» Data shown:

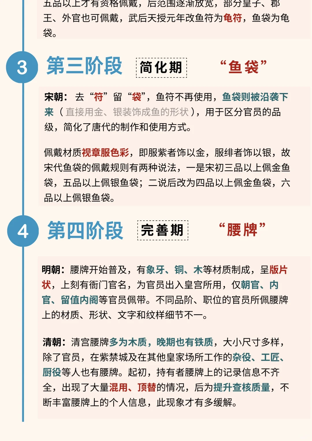 自从腰牌在明清两代普及后,这种以材质、颜色、工艺等细节来区分官位品阶的现象有了明显的弱化,尤其到了清朝,除官员外,紫禁城及在其他皇家场所工作的杂役、工匠、厨役等人也有自己的腰牌凭证,靠配饰信物来证明品阶的情况不再成为主流形式。
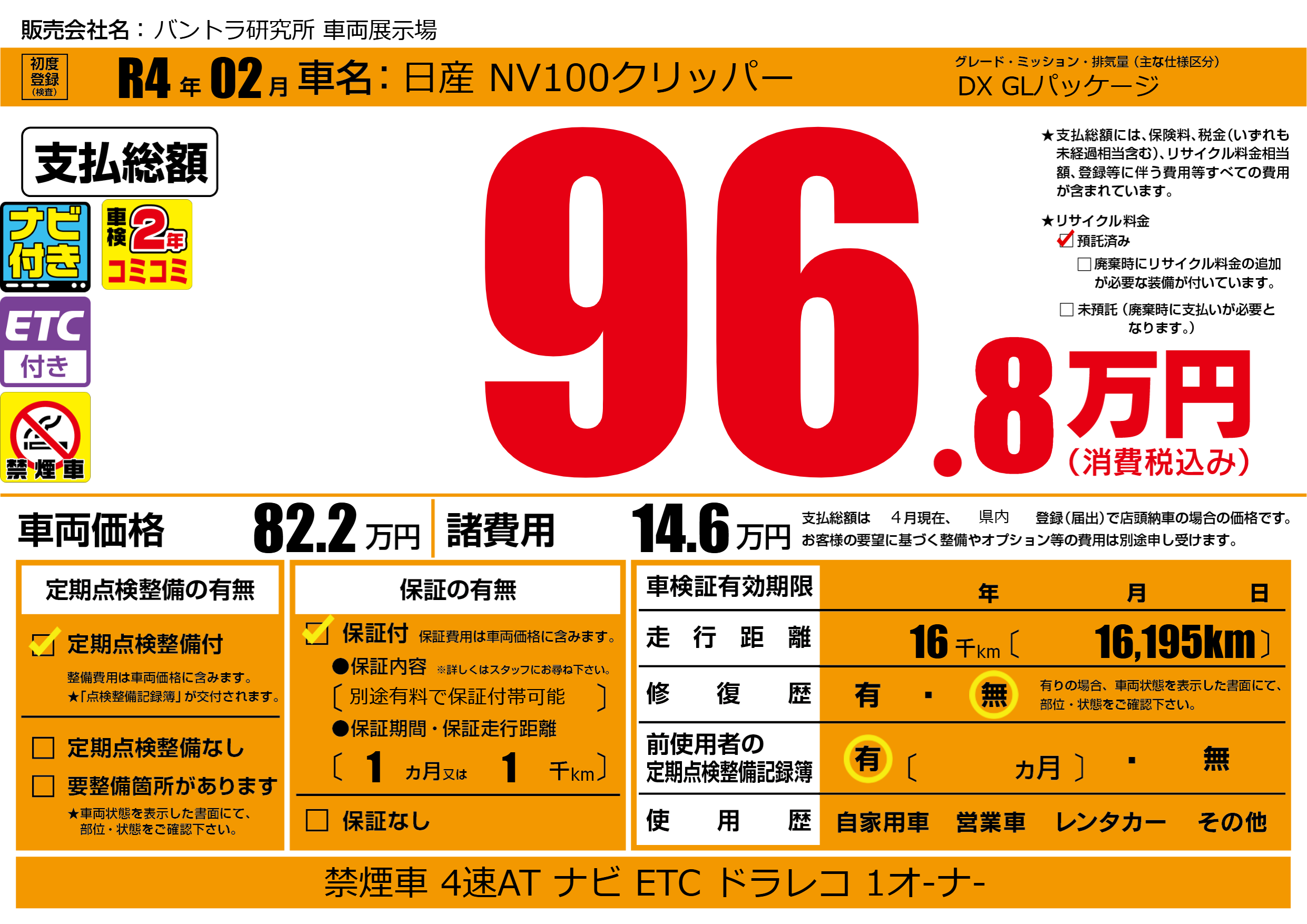 | 車名 | 日産 NV100クリッパー | グレード ミッション 排気量 |
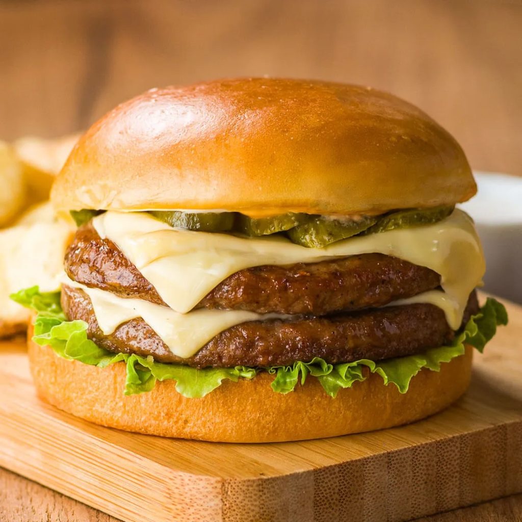 - Coloque uma fatia de mussarela em cima de cada hambúrguer.
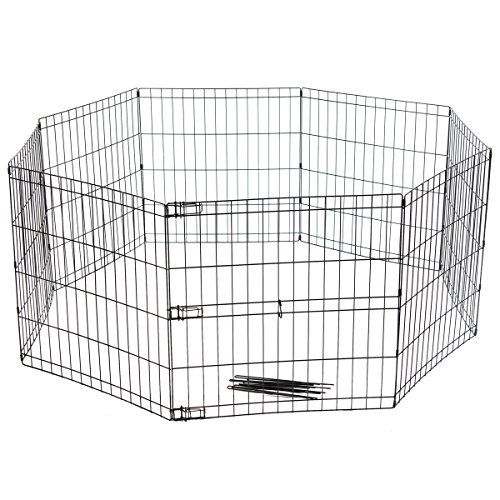 -. Feature : Collapsible removable indoor & outdoor pet houses; Pre-assembled no need tool set up & fold down / Made of long-lasting anti-rust & anti-corrosion steel wire; Fold nearly flat / 3 secure latch for door access; 8 stakes fix with ground; 1 hook for package not separated / Multifunctional pen can combine into varieties shapes, not just rectangle & square & octagon / Octagonal diameter 62" high 24"; 8 Panels, Each panel 24"W x 24"L; Gap 1.5"W x 5.5"L

» Action item:
Please print the line that contains "- Coloque uma" along with every later line of the material, exactly, through the last one. Leave pictures out of the copy.

» Answer for the task:
 - Coloque uma fatia de mussarela em cima de cada hambúrguer.
 -. Feature : Collapsible removable indoor & outdoor pet houses; Pre-assembled no need tool set up & fold down / Made of long-lasting anti-rust & anti-corrosion steel wire; Fold nearly flat / 3 secure latch for door access; 8 stakes fix with ground; 1 hook for package not separated / Multifunctional pen can combine into varieties shapes, not just rectangle & square & octagon / Octagonal diameter 62" high 24"; 8 Panels, Each panel 24"W x 24"L; Gap 1.5"W x 5.5"L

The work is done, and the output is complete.